From the listing below, reproduce exactly the lines starting with the one with "スタイリッシュなトレンチコー" and going on through the one with "According to Census", both ends kept. No picture is copied.

_Supplied material_:
○ ○ ○

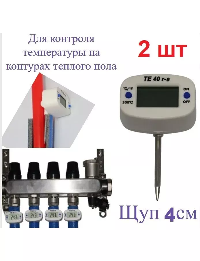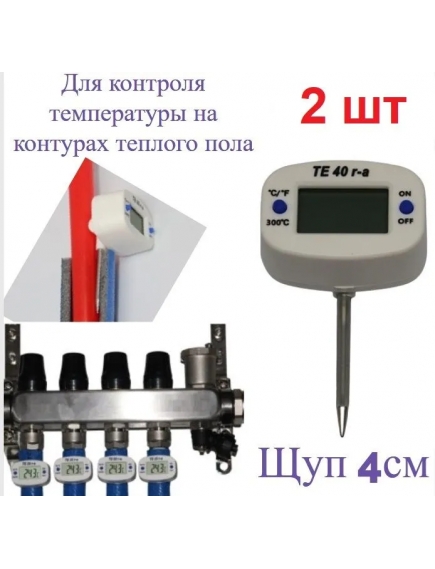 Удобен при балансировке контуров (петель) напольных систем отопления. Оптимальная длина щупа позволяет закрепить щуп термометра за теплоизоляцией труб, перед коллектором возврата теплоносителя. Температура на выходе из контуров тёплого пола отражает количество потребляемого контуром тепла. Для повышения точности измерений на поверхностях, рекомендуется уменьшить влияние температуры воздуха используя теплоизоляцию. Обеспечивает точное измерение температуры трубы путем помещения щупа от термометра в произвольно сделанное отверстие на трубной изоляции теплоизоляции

○ ○ ○

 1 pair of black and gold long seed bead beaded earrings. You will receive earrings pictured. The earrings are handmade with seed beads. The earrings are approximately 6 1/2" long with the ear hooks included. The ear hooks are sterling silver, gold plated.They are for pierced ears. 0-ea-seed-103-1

○ ○ ○

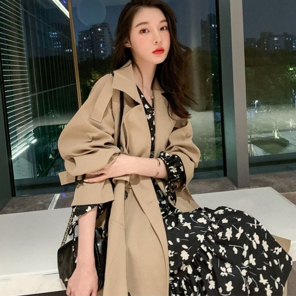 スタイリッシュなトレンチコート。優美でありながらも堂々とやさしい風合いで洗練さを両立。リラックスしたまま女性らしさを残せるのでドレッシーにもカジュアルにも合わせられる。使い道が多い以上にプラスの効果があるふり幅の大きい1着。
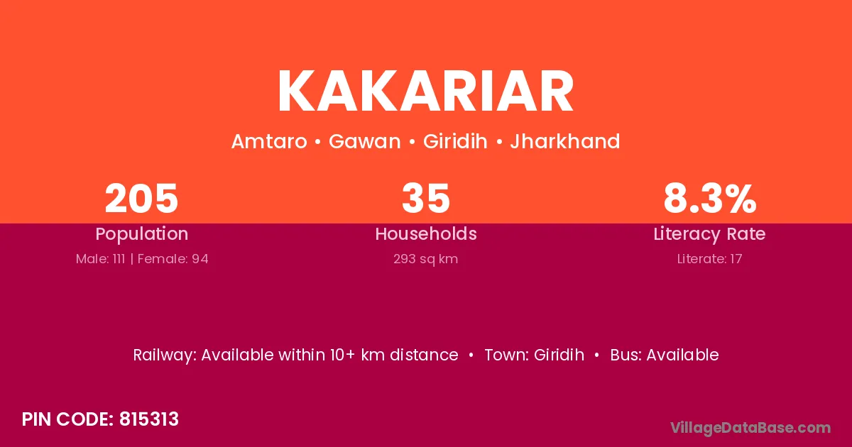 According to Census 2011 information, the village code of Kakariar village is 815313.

○ ○ ○

_Answer box_:
 スタイリッシュなトレンチコート。優美でありながらも堂々とやさしい風合いで洗練さを両立。リラックスしたまま女性らしさを残せるのでドレッシーにもカジュアルにも合わせられる。使い道が多い以上にプラスの効果があるふり幅の大きい1着。
 According to Census 2011 information, the village code of Kakariar village is 815313.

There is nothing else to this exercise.